Write out the data that follows exactly, keeping every picture out.

==== Data

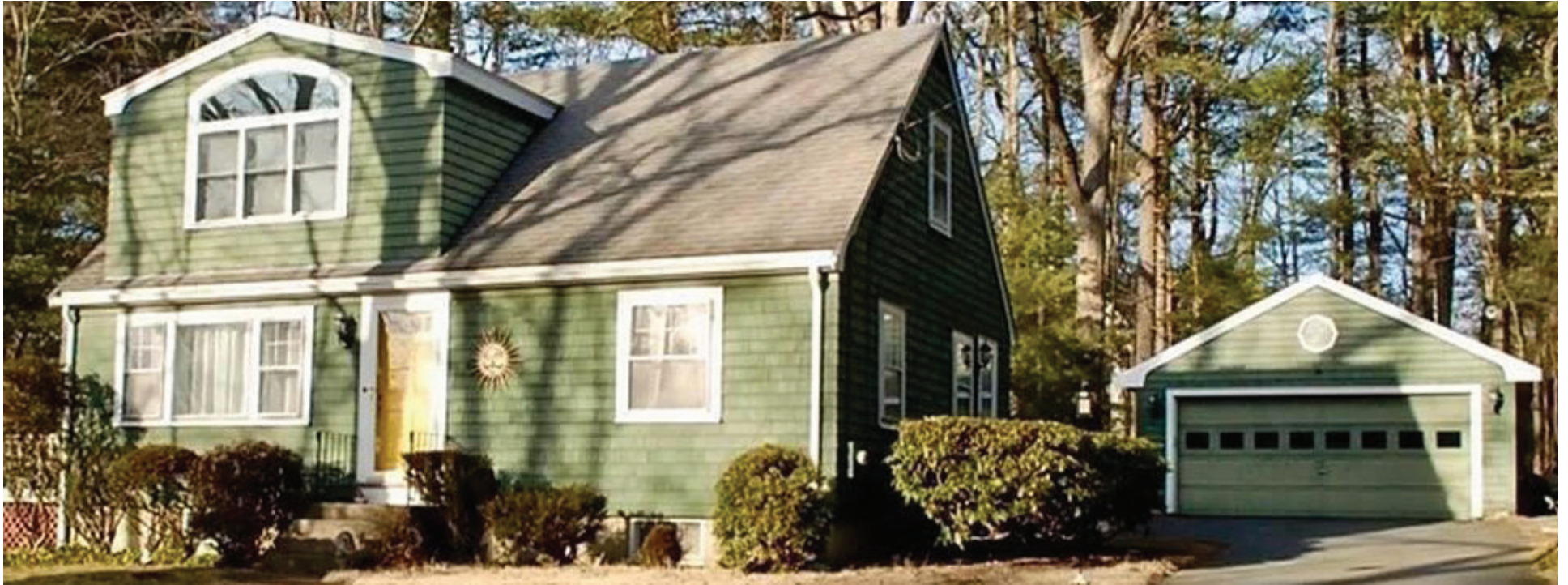
51 Bellview Heights in Ashland recently sold for $515,000. . Source: www.zillow.com / Compiled by Local Town Pages
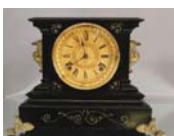
204: Ansonia Mantel clock

Decorated case. # 429, 10" t x 9" w. Ca. 1900

========

> Written response:
51 Bellview Heights in Ashland recently sold for $515,000. . Source: www.zillow.com / Compiled by Local Town Pages
204: Ansonia Mantel clock

Decorated case. # 429, 10" t x 9" w. Ca. 1900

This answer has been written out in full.